Disruption In The Rear-View Mirror


Disruption In The Rear-View Mirror


by Gord Hotchkiss , Featured Contributor, May 9, 2017


Oh, it’s so easy to be blasé. I always scan the MediaPost headlines each week to see if there’s anything to spin. I almost skipped right past a news post by Larissa Faw: “Zenith: Google Remains Top-Ranked Media Company By Ad Revenue.”


“Of course Google is the top-ranked media company,” I yawned as I was just about to click on the next email in my inbox. Then it hit me. To quote Michael Bublé, “Holy shitballs, Mom!”


Maybe that headline doesn’t seem extraordinary in the context of today, but I’ve been doing this stuff for almost 20 years now, and in that context — well, it’s huge!


I remembered a column I wrote ages ago speculating that Google had barely scratched its potential. After a little digging, I found it. It was in October, 2006, so just over a decade ago.


Google had just passed the $6 billion mark in annual revenue. Ironically, that seemed a bigger deal than its current revenue of almost $80 billion seems today. In that column, I pushed to the extreme and speculated that Google could someday pass $200 billion in revenue. While we’re still only 1/3 of the way there, the claim doesn’t seem nearly as ludicrous as it did back then.


But here’s the line from the current article that really made me realize how far we’ve come in the 10-and-a-half years since I wrote that column: “Google and Facebook together accounted for 20% of global advertising expenditure across all media in 2016, up from 11% in 2012. They were also responsible for 64% of all the growth in global ad spend between 2012 and 2016.”


Two companies that didn’t exist 20 years ago now account for 20% of all global advertising expenditure. And the speed with which they’re gobbling advertising budgets is accelerating.


If you’re a dilettante student of disruption, as I am, those are pretty amazing numbers. In the day-to-day of MediaPost — and digital marketing in general — we tend to accept all this as normal. It’s like we’re surfing on top of a wave without realizing the wave is 300 freakin’ feet high. Sometimes, you need to zoom out a little to realizing how momentous the everyday is. And if you look at this on a scale of decades rather than days, you start to get a sense that the speed of change is massive.

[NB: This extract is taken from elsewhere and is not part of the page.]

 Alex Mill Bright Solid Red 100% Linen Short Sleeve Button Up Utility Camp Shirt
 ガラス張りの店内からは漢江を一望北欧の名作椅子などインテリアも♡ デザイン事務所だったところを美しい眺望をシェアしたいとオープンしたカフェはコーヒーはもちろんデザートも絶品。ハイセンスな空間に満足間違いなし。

To me, the most interesting thing about this shift is that both Google and Facebook have introduced a fundamentally new relationship between advertising and its audience. Google’s approach is, of course, intent-based advertising. And Facebook’s is based on socially mediated network effects. Both of these things required the overlay of digital connection. As they say, that has made all the difference — and it’s where the real disruption can be found.


Our world has become a fundamentally different place.

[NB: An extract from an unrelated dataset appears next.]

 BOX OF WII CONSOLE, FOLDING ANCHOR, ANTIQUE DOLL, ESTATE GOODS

Much as we remain focused on advertising and marketing here in our little corner of the digital world, it behooves us to remember that advertising is simply a somewhat distorted reflection of the behaviors of the world in general. If things are being disrupted here, it’s because things are being disrupted everywhere.


As it concerns us beings of flesh, bone and blood, that disruption has three distinct beachheads: the complicated relationship between our brains and the digital tools we have at our disposal; the way we connect with each other; and a dismantling of the restrictions of the physical world at the same time we build the scaffolding of a human-designed digital world. Any one of these factors has the potential to change our species forever. With all three bearing down on us, permanent change is a lead-pipe cinch.


Thirty years is a nanosecond in terms of human history. Even on the scale of my lifetime, it seems like (May 19, 2017). Reagan was president. We were terrorized by the Unabomber. News outlets were covering the Iran-Contra affair. U2 released “The Joshua Tree.” “Platoon” won the Best pPcture Oscar. And if you wanted to advertise to a lot of people, you did so on a major TV network with the help of a Madison Avenue agency. Thirty years ago, none of the entities I’m talking about existed. Nothing. No Google. No Facebook. No Internet — at least, not in a form any of us could appreciate.


As much as advertising has changed in the past 30 years, it has only done so because we — and the world we inhabit — have changed even more. And if that thought is a little scary, just think what the next 30 years might bring.